Banco Bilbao Vizcaya Argentaria (BBVA)
BBVA, a global bank with 100,000 MIPS of IBM mainframe capacity deployed across Europe and the Americas has began rehosting their core banking transactions and other mainframe applications to Oracle Tuxedo and Oracle Database. With over 3000 MIPS already rehosted in 2012 and another 12,000 under way in 2013, the bank has crunched the numbers and estimated $1M/year savings for every 1000 MIPS of rehosted workloads. They rely on robust Tuxedo and Oracle Database foundation, coupled with Tuxedo Mainframe Adaptors for integration with IBM CICS and IMS, and GoldenGate for database synchronization, to run a hybrid core banking infrastructure with full security and global transaction coordination across rehosted transactions and those that are still on the mainframe.
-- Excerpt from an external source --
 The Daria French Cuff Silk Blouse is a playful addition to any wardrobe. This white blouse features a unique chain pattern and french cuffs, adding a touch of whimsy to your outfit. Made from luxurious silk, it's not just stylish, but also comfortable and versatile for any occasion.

Operating in many countries presents complex regulatory challenges for BBVA, including requirements for managing local customer data and transactions in-country. Using Tuxedo and Oracle Database, BBVA is able to deploy a small “bank-in-a-box” datacenter configuration in those countries that have this requirement. Speaking at Oracle Open World 2012 , Antonio Gelart, head of BBVA modernization program, stated that the bank’s goal is zero MIPS – no mainframes – and with the success of early rehosting projects they can see a clear path towards this goal.
Mazda, long known as an innovator in automobile industry, is right sizing its IT infrastructure to meet the challenges of the current economic disruptions. Shedding the legacy mainframe environment, Mazda has chosen to migrate its cost accounting system off the mainframe to a Linux environment powered by Tuxedo and Tuxedo’s Application Runtime (ART) for Batch.
Accomplishing this migration in about one year, Mazda has revamped some of its application programs in Java and successfully married the traditional mainframe batch framework provided by Tuxedo ART with Java programs. Describing this migration project at Oracle Open World 2012, Masuhiro Yoshioka, Mazda’s IT infrastructure manager, said that they chose Oracle Tuxedo for its strong reliability and availability characteristics, which are critical for Mazda’s cost accounting system that feeds into quarterly and annual financial reporting. In addition to significant cost savings expected from decommissioning one of the two mainframes, Mazda has seen significant performance improvements from parallelizing the overnight batch processing across a distributed batch farm supported by Tuxedo’s distributed batch framework. Once acquired, the taste for rehosting stays strong. Mazda is now looking at rehosting an IBM IMS application from its last remaining mainframe to Tuxedo’s Application Runtime for IMS.
Caja de Valores (CdV)
CdV, an IT arm of Buenos Aires Stock Exchange, began its mainframe modernization quest in 2001 with a 3-yr project to re-write about 4M lines of COBOL code to Java. Fast forward to 2007, and, in the words of Alejandro Wyss, the CdV CIO, no critical subsystem has been migrated, the budget for re-write was overrun by 3X, and re-write project has achieved less than 30% of the total scope, while COBOL code base grew to 6M LoC.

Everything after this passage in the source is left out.